The modern judicial system and restorative justice (RJ) both aim to support public peace and safety. But their methods have radically different outcomes. For a quick orientation, check out YRP’s side-by-side comparison.
For a deeper understanding of distinctions, let’s start with a brief look at the beginnings of modern RJ.
Originating in tribal circles, RJ has been around from time immemorial, practiced by indigenous people across the world – New Zealand’s Maori, Canada’s First Nation, Native Americans, Australian Aborigines and others. In the event of crimes or threats to the community, the tribe’s elders convened a meeting that included the victims and their family or allies and the offenders and their family or allies.
Today, the RJ process is always voluntary. Victims and offenders can either agree to participate in it or go the usual route through the courts. Restorative facilitators discuss the process separately with the various parties before a circle convenes, to prepare them and get some background on their issues.
When they come to the meeting, participants pass an object, called a talking piece, to indicate whose turn it is to speak, uninterrupted. They sit in a single circle so they can all see one another as they tell their versions of the story. Ideally, they arrive at a common understanding of what happened, who was affected, what contextual forces were at play (abuse, deprivation), and most importantly, what the victims experienced and need as a result. Offenders give an account of their actions and take responsibility to make amends.
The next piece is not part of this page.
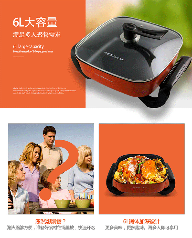 商品名称:【精选】荣事达多功能电热锅HG15F7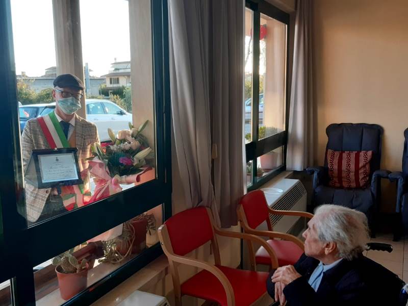 Anche in tempo di pandemia e di distanziamento interpersonale, il sindaco Alessio Spinelli non ha voluto rinunciare a festeggiare i 100 anni di una propria concittadina. Ed allora il primo cittadino fucecchiese ha raggiunto la Residenza Sanitaria Assistita "Le Vele" e, seppur attraverso un vetro, ha portato il proprio omaggio floreale e una targa ricordo alla signora Maria Tavano che ieri ha raggiunto il traguardo di un secolo di vita. Un gesto che, in questo momento particolarmente difficile, ha sorpreso la signora Maria e le persone presenti. Il sindaco ringrazia la direzione dell' Rsa, il direttore Francesco Fariello e il coordinatore Nicola Biondi, per la disponibilità mostrata e, insieme a loro ringrazia tutto il personale de "Le Vele" che anche in questa seconda fase della pandemia sta mettendo tutto il proprio impegno e la propria professionalità al servizio dei degenti.

Then the facilitators guide the group through negotiations aimed at an agreement regarding what amends the offenders can and should make to the victims.
Offenders need to hear how their actions affected the victims. Victims need questions answered, and expressions of genuine remorse. The community stands with them to hold them accountable on the one hand, and support the harmed on the other. At the end of the day, the goal is to re-knit badly broken relationships so they can be okay with one another. They don’t need to be besties, but the community needs to be protected from retributive feuds that are always at risk of blowing up again.
Upon completion of the amends, the group might celebrate. The Maori for example greet the restored offenders back into the mainstream with a traditional song.
RJ’s goal: successfully reintegrate all parties into a restored community.
In tribal societies, banishment could effectively be a death sentence. Survival required everyone working to weave a tight community fabric. Mutual protection was their public safety. Bad blood undercut the community’s ability to function – raise kids, plant fields, make clothing, food, housing. Australian criminologist John Braithwaite emphasized the importance of reintegration in one of RJ’s earliest and seminal books, Crime, Shame and Re-integration. He notes that most of us have done things we sorely regret, for which we’d love to make amends and regain our good standing with others. However scarred, our relationships must heal for us to regain a high quality of life.
Nail ‘em; trail ‘em; jail ‘em.
On a modern judicial indictment, it says: The State vs. Julia. The State is the harmed party. The victims don’t have a principal role. They might get monetary compensation, perhaps permission to read an impact statement. But the case is not about them. It’s an adversarial battle waged between lawyers who spin competing narratives with expert witnesses, compelling evidence and implication. The goal is to win.
A judge or jury makes a bimodal decision: guilt or innocence. Getting to the root of the problem, including the context in which the crime took place, is hardly relevant. Then a judge dishes out punishment.
Boom, goal accomplished. On our wealth of American cop shows, that’s the end of story. Punishment satisfies our primitive desire for eye-for-an-eye justice; you hurt me, so I hurt you.
The system is built ona faith in “rehabilitation” – that punishment will somehow hurt the offenders into healthy and appropriate behavior for when they get out. Crime is a personal choice for which they must atone. Social circumstances like poverty or systemic racism are just excuses.
What we don’t see on the cop shows are the offenders’ lives in ruins, along with their family’s well-being. The system is enormously expensive, sucking resources out of the communities that probably didn’t know how to deal with the offender in the first place. Instead of celebration and welcoming songs, we have under-funded non-profits that struggle to help offenders climb the steep, often impossible hill towards some form of reintegration.
Implementing restorative justice is tough, but worth it.
In most RJ research, roughly 85% of victims are highly satisfied with the process. Offenders’ rates of recidivism vary widely, but they are all much lower than the roughly 75% of juvenile offenders who show up in the judicial system again within 5 years.
Retributive justice spawns more retribution. But when healing and reintegration are the goal and the metric of success, working to re-knit the community will have far more lasting, productive and peaceful results.